Interaction between pollutants may result in effects that may be additive, synergistic, or
antagonistic. Additive effects are those which occur when the exposure to several pollutants
produces an effect equal to the sum of the effects of the pollutants acting alone. Synergistic
effects are those where the sum of the effects of two or more pollutants is greater than the
combined effect. Antagonistic effects refer to the situation where one pollutant lessens the
effect of another pollutant. The great majority of pollutant effects are additive.
Susceptible parts of the Human Body
All forms of air pollution (gases, liquids and particulates) can damage human health. There
are three main routes by which they enter the body:

absorption through the skin

ingestion, and

inhalation
Of these the latter is by far the most important as we exchange large amounts of
atmospheric gas every day through our lungs. All forms of air pollutants can enter the lungs,
but at this point it is probably appropriate to describe the structure of the human
respiratory system, which allows us to exchange air with the atmosphere.
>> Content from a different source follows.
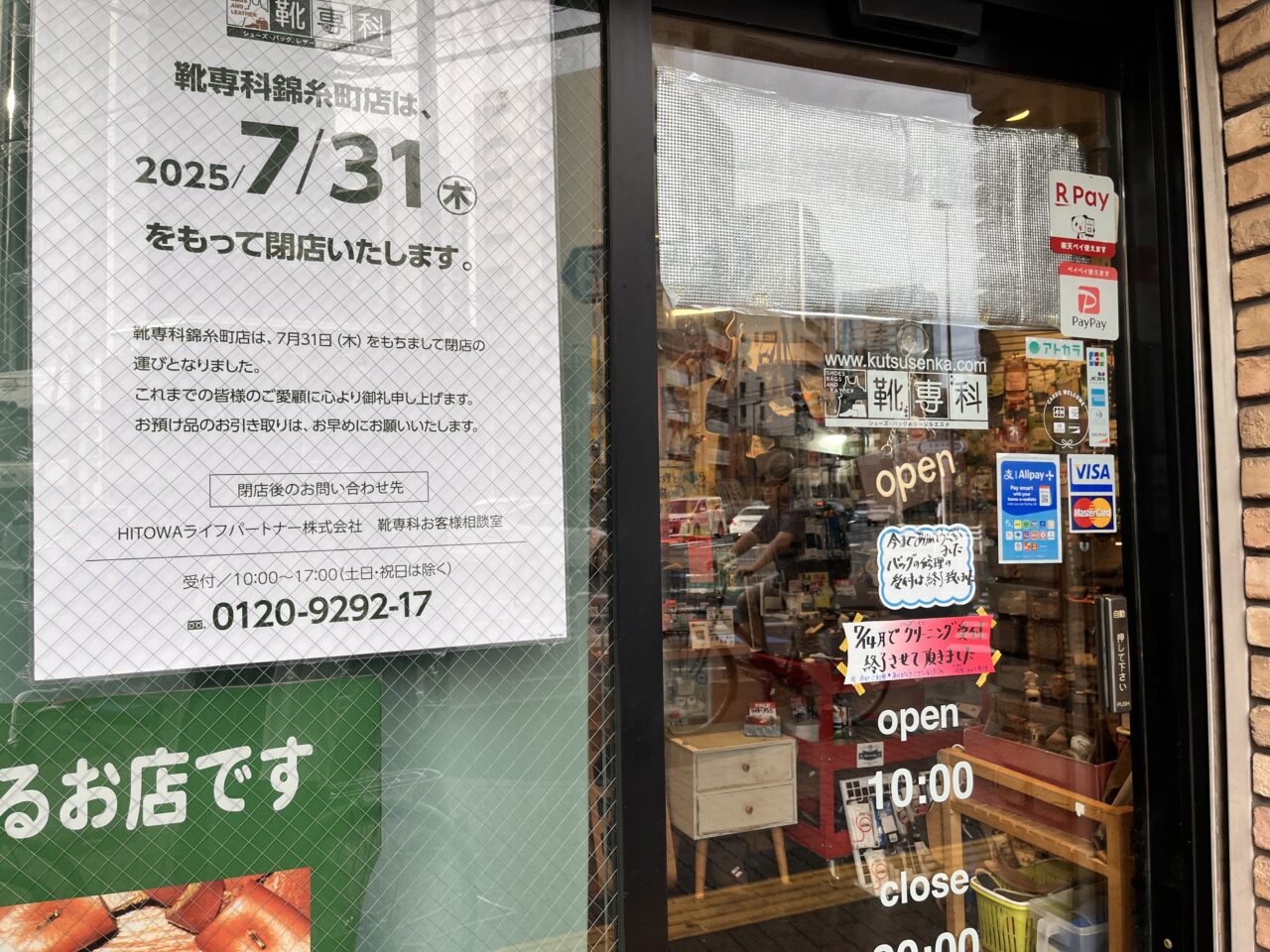 情報をお寄せいただいていましたとおり、店頭には「今までありがとうございました。バッグの修理の受付は終了致しました」との掲示がありました。

All of the air passages have a coating of mucus and are also lined with tiny branch like
structures called cilia, which constantly move in an upward fashion to remove any solid
material that enters the lungs.
Injury to the respiratory tract occurs when chemicals enter the lungs and cause direct
damage to the lung tissue, or when the lungs trap material and allow it to be transferred to
the bloodstream where it may affect any organ in the body.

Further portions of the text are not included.